■ **The task**: Leaving out all pictures, write out word for word the lines from the one containing "Hier finden Sie" to the end of the data below.

■ **Raw data**:

☆ ☆ ☆

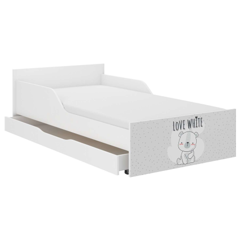 1 kép Nonbrand PUFI gyerekágy 160x80 matraccal és ágyneműtartóval - fehér maci
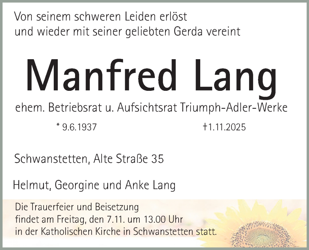 Hier finden Sie alle Traueranzeigen aus der Zeitung, die bisher für Manfred Lang erschienen sind. Weitere Traueranzeigen, die in der Zeitung erscheinen, werden hier ebenfalls aufgelistet
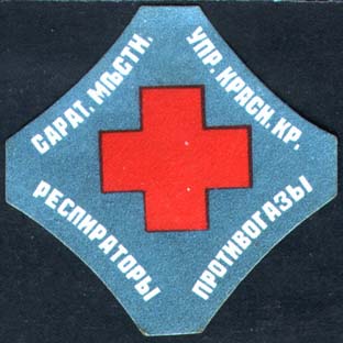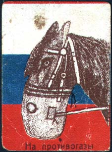 1915(?) г. Разм. 37 х 51 мм. Трехцветная печать на белой бумаге. В центре на фоне российского флага голова лошади в противогазной маске. Внизу текст в одну строку: «На противогазы».
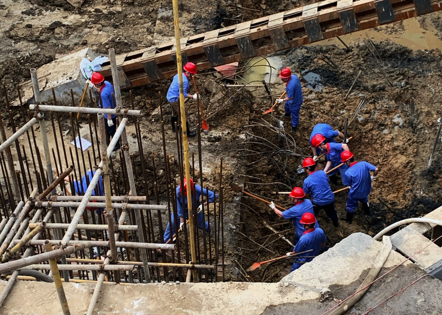 5月27日,集团公司党委书记、董事长吴福胜到项目现场调研,详细了解项目进展情况后指出:目前工期紧、任务重、施工难度大,建设单位和施工单位不分彼此,群策群力,全力以赴推进项目建设。德瑞格公司积极响应号召,立即组织职工支援施工单位。5月28日开始,每日组织60多人进入施工现场,深入10米深的基坑内清理淤泥;进入主厂房一层、二层、顶楼和动力站,传运脚手架钢管、木料和清运建筑垃圾,为施工创造有利条件。10天来,党员骨干带头,不分上班下班,主动放弃周末休息时间,白天顶着烈日挥汗如雨,晚上挑灯夜战不畏辛苦,提出“以一天当两天用”的口号,全力配合施工单位把前期耽误的工期抢夺回来。

☆ ☆ ☆

■ **Result**:
 Hier finden Sie alle Traueranzeigen aus der Zeitung, die bisher für Manfred Lang erschienen sind. Weitere Traueranzeigen, die in der Zeitung erscheinen, werden hier ebenfalls aufgelistet
 1915(?) г. Разм. 37 х 51 мм. Трехцветная печать на белой бумаге. В центре на фоне российского флага голова лошади в противогазной маске. Внизу текст в одну строку: «На противогазы».
 5月27日,集团公司党委书记、董事长吴福胜到项目现场调研,详细了解项目进展情况后指出:目前工期紧、任务重、施工难度大,建设单位和施工单位不分彼此,群策群力,全力以赴推进项目建设。德瑞格公司积极响应号召,立即组织职工支援施工单位。5月28日开始,每日组织60多人进入施工现场,深入10米深的基坑内清理淤泥;进入主厂房一层、二层、顶楼和动力站,传运脚手架钢管、木料和清运建筑垃圾,为施工创造有利条件。10天来,党员骨干带头,不分上班下班,主动放弃周末休息时间,白天顶着烈日挥汗如雨,晚上挑灯夜战不畏辛苦,提出“以一天当两天用”的口号,全力配合施工单位把前期耽误的工期抢夺回来。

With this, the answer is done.